Personal information
- Nickname: Half Pay Ziegler
- Born: August 12, 1939 (age 87) St. Louis, Missouri, U.S.
- Height: 6 ft 0 in (1.83 m)
- Weight: 185 lb (84 kg; 13.2 st)
- Sporting nationality: United States
- Residence: Orlando, Florida, U.S.

Career
- Turned professional: 1959
- Former tours: PGA Tour Champions Tour
- Professional wins: 7

Number of wins by tour
- PGA Tour: 3
- PGA Tour Champions: 2

Best results in major championships
- Masters Tournament: T3: 1976
- PGA Championship: T5: 1969
- U.S. Open: T8: 1970
- The Open Championship: DNP

= Larry Ziegler =

American professional golfer (born 1939)

Larry Ziegler (born August 12, 1939) is an American professional golfer who played on the PGA Tour and the Champions Tour.

== Early life ==
Ziegler was born in St. Louis and grew up in Creve Coeur, Missouri. He was one of 14 children; he had seven brothers and six sisters. He began as a caddie and worked his way up to head club pro.

== Professional career ==
In 1959, Ziegler turned professional. He had more than 40 top-10 finishes in PGA Tour events during his career including three wins. He had three top-10 finishes in major championships; his best was T3 at the Masters Tournament in 1976.

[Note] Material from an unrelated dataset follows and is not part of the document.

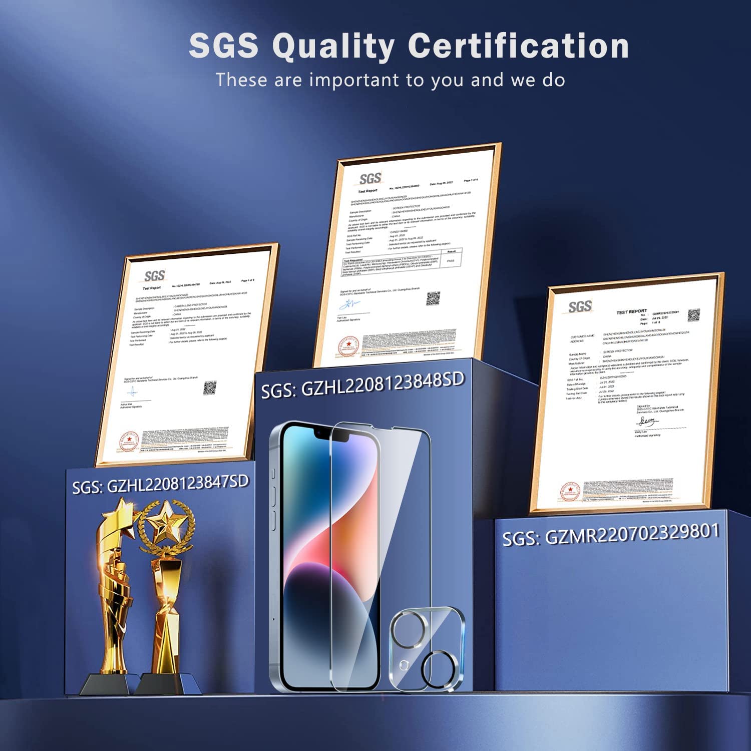 - [RoHS Environmental and SGS Drop Test Certification]: QHOHQ tempered glass and camera cover with 9H hardness tested, SGS-certified screen protector can withstand a 6-foot drop without damaging your phone screen,and reach 99.99% light transmission test (SGS certificate NO.: GZMR220702329801); At the same time, the products have passed the RoHS environmental protection test report (certificate NO.: GZHL2208123848SD and GZHL2208123847SD), meet international environmental standards.
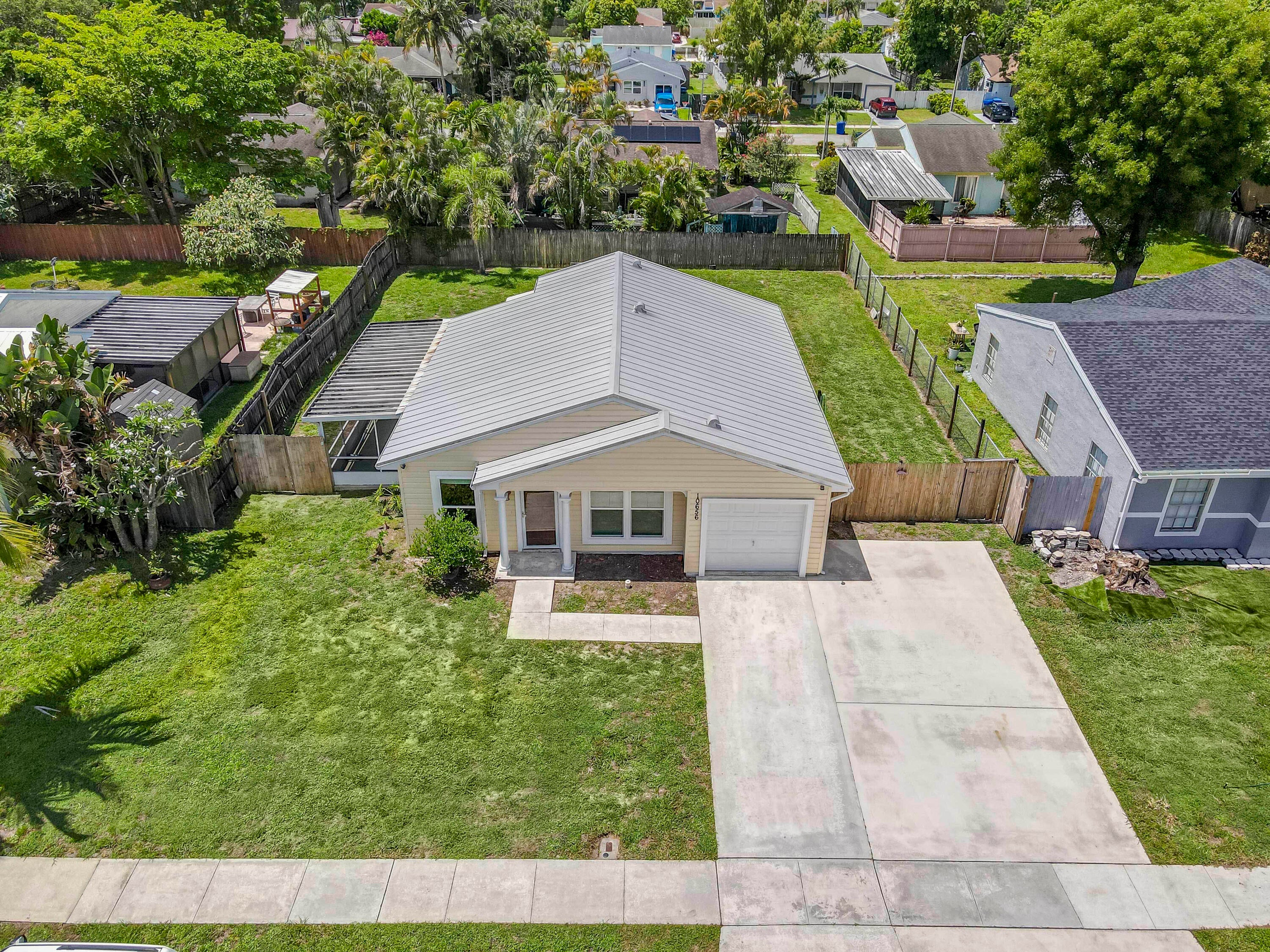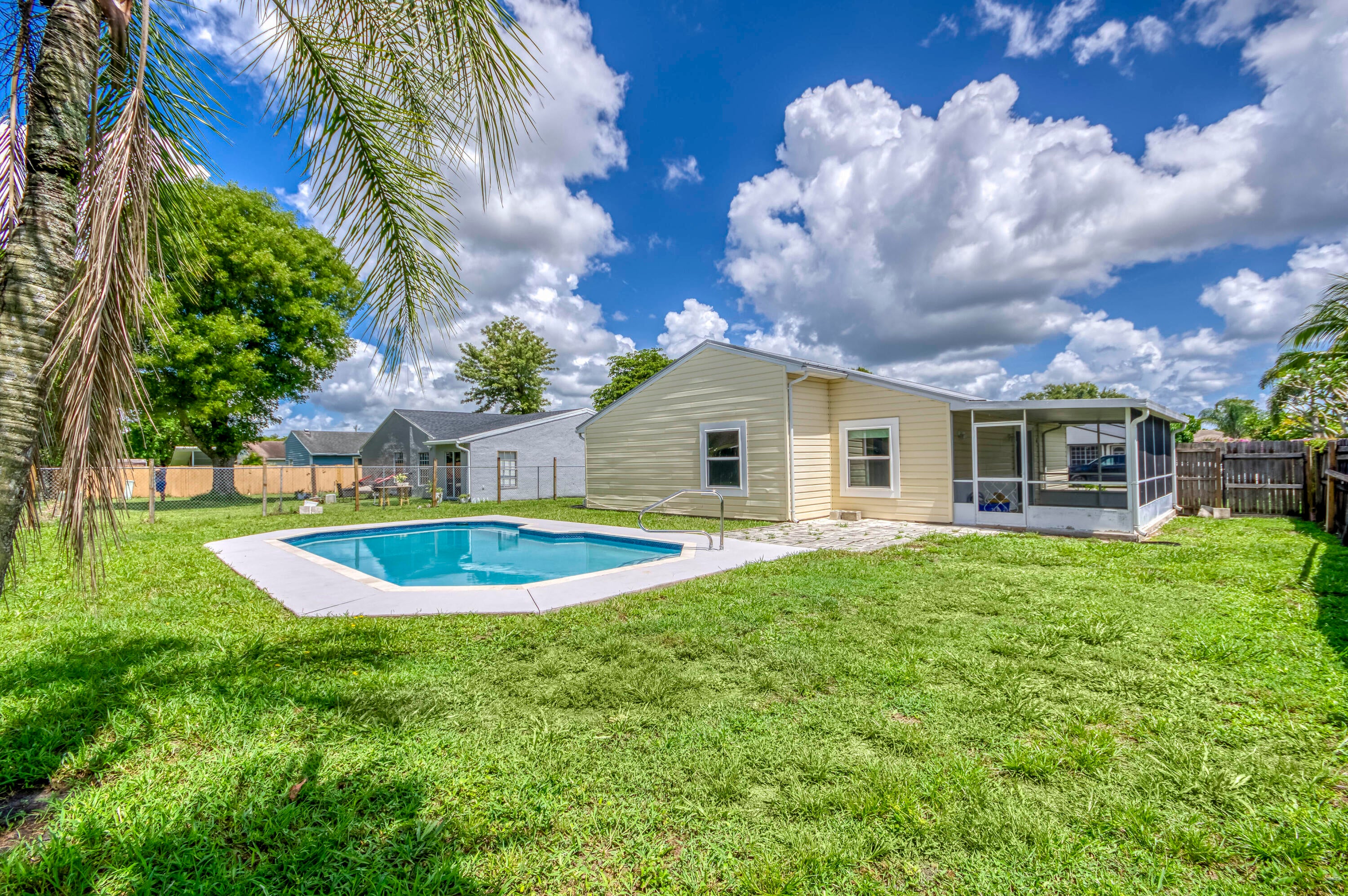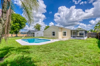 This updated, move-in ready 3-bedroom home in Counterpoint Estates offers charm, comfort, and a private backyard oasis. Featuring an updated kitchen with white cabinetry, stylish backsplash, and vaulted wood-paneled ceilings, plus real wood floors throughout. The bathroom is oversized and newly renovated with elegant tile work and a clean, modern finish. Enjoy the screened-in and covered patio, a private in-ground pool, and a generously sized backyard with green space for kids or pets. A 2016 roof, massive driveway, and one-car garage add to the value and functionality. Located in a quiet, family-friendly community with three parks, walking trails, and lakes with a shared dock, ready for your personal touch, this is a rare find with incredible curb appeal potential. No HOA!

In 1969, Ziegler won the Michigan Golf Classic. Ziegler originally did not receive any prize money for his victory as the sponsors went bankrupt during the course of the tournament. However, in early 1970 the PGA Tour managed to pay Ziegler the $20,000 he earned.

After reaching the age of 50 in August 1989, Ziegler joined the Senior PGA Tour, where he has recorded over 20 top-10 finishes including two wins. Ziegler's two Senior PGA Tour wins were six years apart – a record for the Tour. His second victory, at the 1998 Saint Luke's Classic, occurred when Ziegler's caddie was Baseball Hall of Fame member George Brett.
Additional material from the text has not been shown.